Music Review: Peter Frampton - Thank You Mr. Churchill

You want to party like it's 1976? Peter Frampton's new album, Thank You Mr. Churchill, has enough guitar riffs and musical hooks to rival the pleasures of his celebrated Frampton Comes Alive album, still the fourth biggest selling live album in America. While Churchill offers a more rocking Comes Alive vibe, it doesn't sound like yesterday's clunky 8-track and there's not a talking box to be heard. It's a breezy bit of serious rock and roll in the classic rock vein that fits nicely among the sons of grunge and teeny-bopper kiddie cocktail music that fills today's radio.

Not that you can expect to hear any of it on the radio even as "Invisible Man" from the album is currently the number six single on the classic rock best sellers list, (it takes a satellite radio connection to realize such a list even exists). It's a catchy Motown inspired rocker, think The Four Tops not so much The Temptations, that may lay evidence to what I've always suspected: Frampton is an unaccredited session player on scores of hit records - "I'm pulling the strings in the shadows behind the scenes.
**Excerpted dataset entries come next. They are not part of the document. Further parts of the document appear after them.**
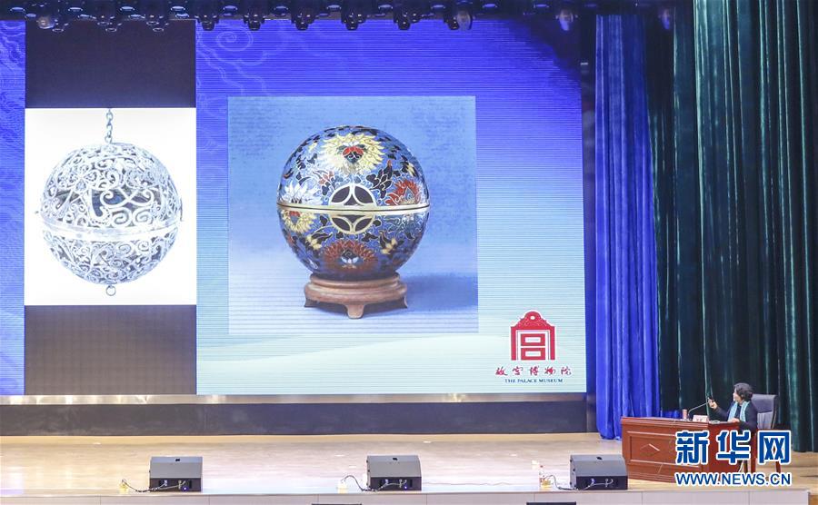 10月27日,故宫博物院研究员、图书馆馆长张荣在2019景泰蓝文化论坛上做讲座。 当日,2019中国·大厂景泰蓝设计创新大赛在河北省大厂回族自治县举行2019景泰蓝文化论坛。 新华社记者 李晓果 摄
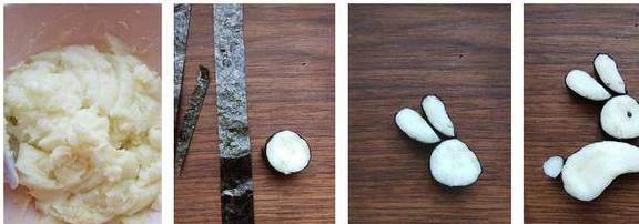 2.将山药洗净,入蒸锅蒸熟后剥皮,碾成泥。将做寿司用的海苔片剪成手指宽的长条,围住用手捏成圆形的山药泥。同样做出耳朵和身体、尾巴等部位。眼睛用一粒黑芝麻即可。小提示:山药补气,但是一般孩子都不爱吃,做成可爱的形状就没问题了。
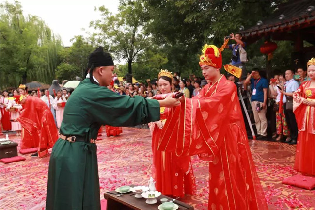 論壇由開封清明上河園景區(qū)和河南省婚慶服務(wù)行業(yè)協(xié)會主辦,河南省內(nèi)的70余家婚慶行業(yè)大咖齊聚清明上河園,就中國傳統(tǒng)婚俗的傳承等問題進(jìn)行深入探討。論壇上,河南省婚慶服務(wù)行業(yè)協(xié)會授予清明上河園景區(qū)為中原婚俗文化示范基地的稱號。
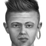 Sprawcą był mężczyzna w wieku około 40 lat, wzrostu około 180 cm, szczupłej budowy ciała, cera normalna blada, włosy ciemne, po bokach krótkie, w środkowej części na górze głowy włosy średniej długości zaczesane do góry tzw. irokez, w lewej brwi posiadał kolczyk zakończony kulkami, w lewym uchu umieszczone koło tzw. tunel. Ubrany był w długie spodnie w kolorach szaro-zielono-czarno-białych typu bojówki, koszulkę z krótkim rękawem z napisem Nike.
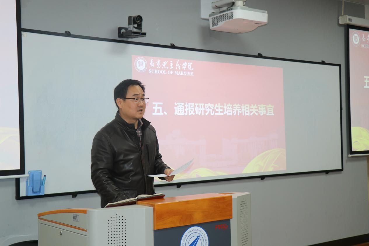 Zhang Yunlong, vice president, informed the postgraduate-related matters. He pointed out that around the "127" core indicators, in terms of enrollment, the School should further improve the quality of graduate student sources, all staff should do a good job of enrollment publicity; in terms of tutor enrollment plan enrollment targets, the distribution of student sources is linked to the output of teaching and scientific research results; in terms of discipline construction, it is necessary to set up a sense of excellence and awareness of excellence; In talent cultivation, tutors should pay close attention to the quality of dissertations, cultivate superior masters, and actively encourage and guide students to participate in all kinds of competitions.
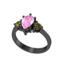 Pembe kuvars ve peridot 925 ayar siyah rodyum kaplama gümüş yüzük
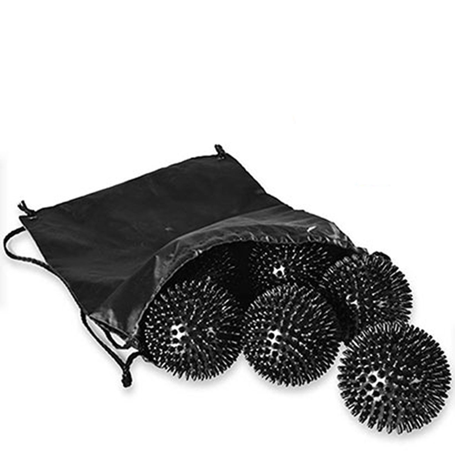 6 schwarze (10 cm Ø) Igelbälle, 1 Aufbewahrungsbeutel

I'm keeping the beat, before you know it you'll be on your feet dancing in the street.", he sings invoking the pleasant beat of Smoky Robinson's "Tears Of A Clown".

It's a tight rocker but not as efficient a hit single as the cutesy titled "I'm Due A You", with a 'do-what-you-do-wah-do' lyrical atmosphere underscored by a foreboding darkness with happily infectious guitar riffs. Steely Dan at their most paranoid contemplative moments come to mind - "emotionally overdrawn, the check's in the mail, something is creeping across the lawn, my stalker's out of jail.".

While the title track seems an impersonal and clumsy sentiment, (Frampton claims he is thanking Churchill for ending WWII so his father can return and impregnate his mother, so he may be born, he may as well be thanking the milk man), "Vaudeville Nanna and the Banjole" is a soft spoken reminiscence of his first affair with a crude stringed instrument, a memory that serves as a nuclei to his life, longing for "guitars behind glass that I wanted to play". The seven minutes plus instrumental, "Suite Liberte" combines surf rock lullaby with blues guitar licks in a simple elegant invitation to every fledgling guitarist to pick up your instrument and play along.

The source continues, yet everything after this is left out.